And, you know, in theory, you should diversify.

You shouldn't put all your money in the United States.

And I did a video with Bignu Brzezinski, Miko Brzezinski's father, for people who don't know who he is, but he was Carter's, he was Carter's Kissinger.

I did a video with him that Merrill Lynch produced, and it was about why international diversification could be good.

And what they got me to say was very, very, you know, limited.

I feel quite fine about what I said.

I wasn't doing any consulting at the time.

I just did academic work.

I didn't do speeches.

I didn't do consulting.

I talked to central banks a bit, but I didn't do anything for money, but I did get paid for this.

It circulated half a million copies of it, of this.

And a lot of my friends teased me and said, you would have made a lot more money if you just hadn't followed your own advice.

So, you know, and I could think of plenty of other examples like that.

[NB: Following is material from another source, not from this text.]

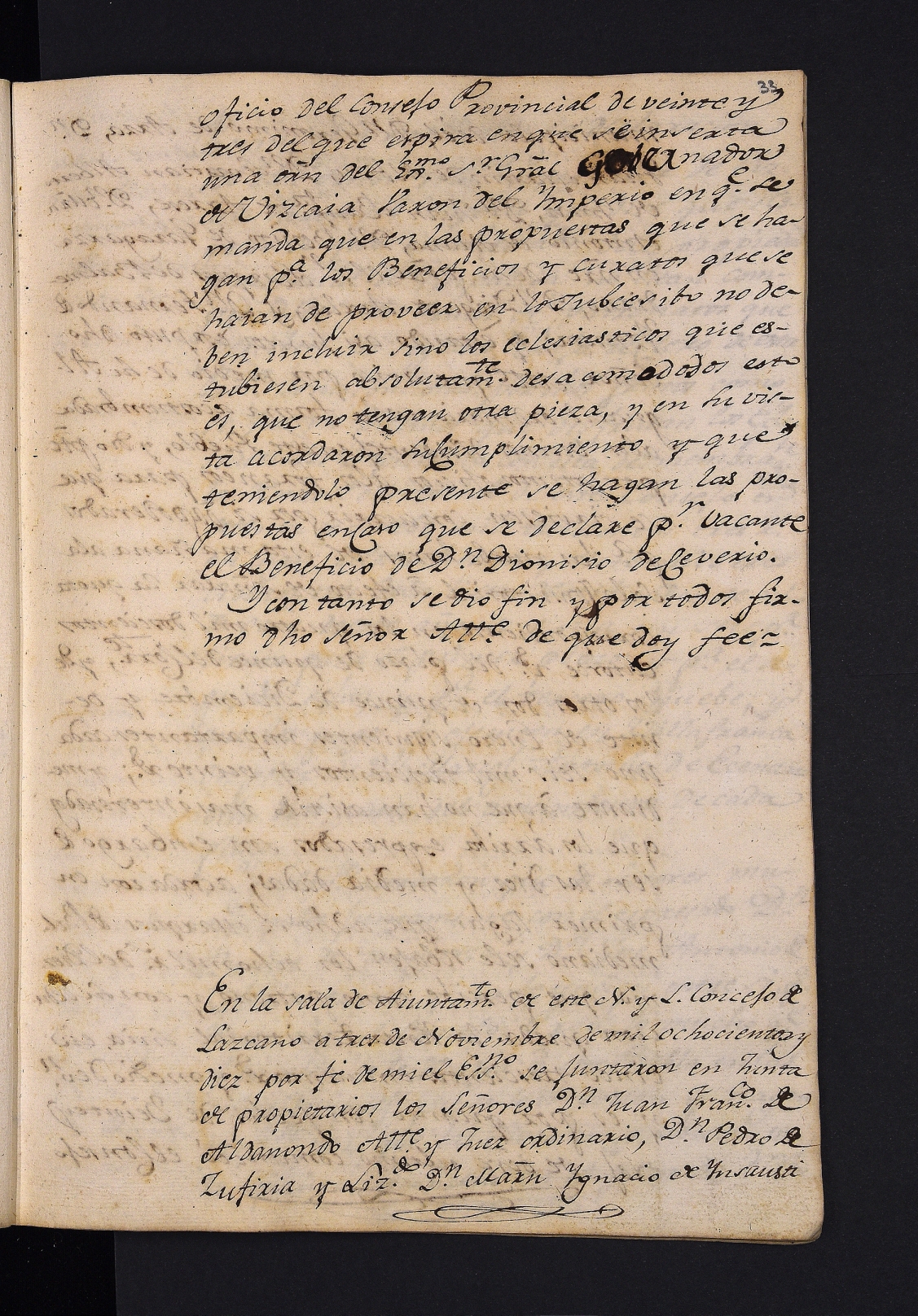 Zergetarako kuotak ezartzea. # Gobernadorearen adierazpena, Gipuzkoako lurralde jabetzaren egoeran patronatuengatik sekularrek jasotakoa sartu gabe dagoela adieraziz eta ekarpenak berrikusteko eskatuz. # Lazkaoko kontribuzioetan ezartzen diren kargei buruz Probintziako Kontseiluarekin hitz egitea adostea.

But yeah, my instinct is that, you know, this idea that the,

what is it, our U.S.

premium just should get bigger and bigger and bigger, you know, these things have some regression to mean.

Maybe not with AI all being in the U.S.

Is it because you're predicting, like, does the S ⁇ P keep growing at 8%, but foreign equities do even better?

I'm just going to safely say foreign equity is doing better.

But not because the growth in U.S.

equity slows down.

It's just that they do even better.

Or is it that the U.S.

equity slowed down?

I mean, look, you know,

you have a lot of friends who spend all their time doing this, and I wouldn't pretend to.

I hold a very neutral portfolio because I talk to policymakers and world leaders even on occasion.

And I don't want to be someone who's talking about regulating Bitcoin and owning a lot of Bitcoin.

not to pick a random example.

And so I wouldn't regard myself as great at this.

I mean, I just, you know, but yes, I think there's a case for international diversification, particularly into Europe at this point, because they have so much potential catch up.

There's some, just as in, I think, California, where you're from, there's a little bit of dim awareness that it might be over-regulated and you might do things differently.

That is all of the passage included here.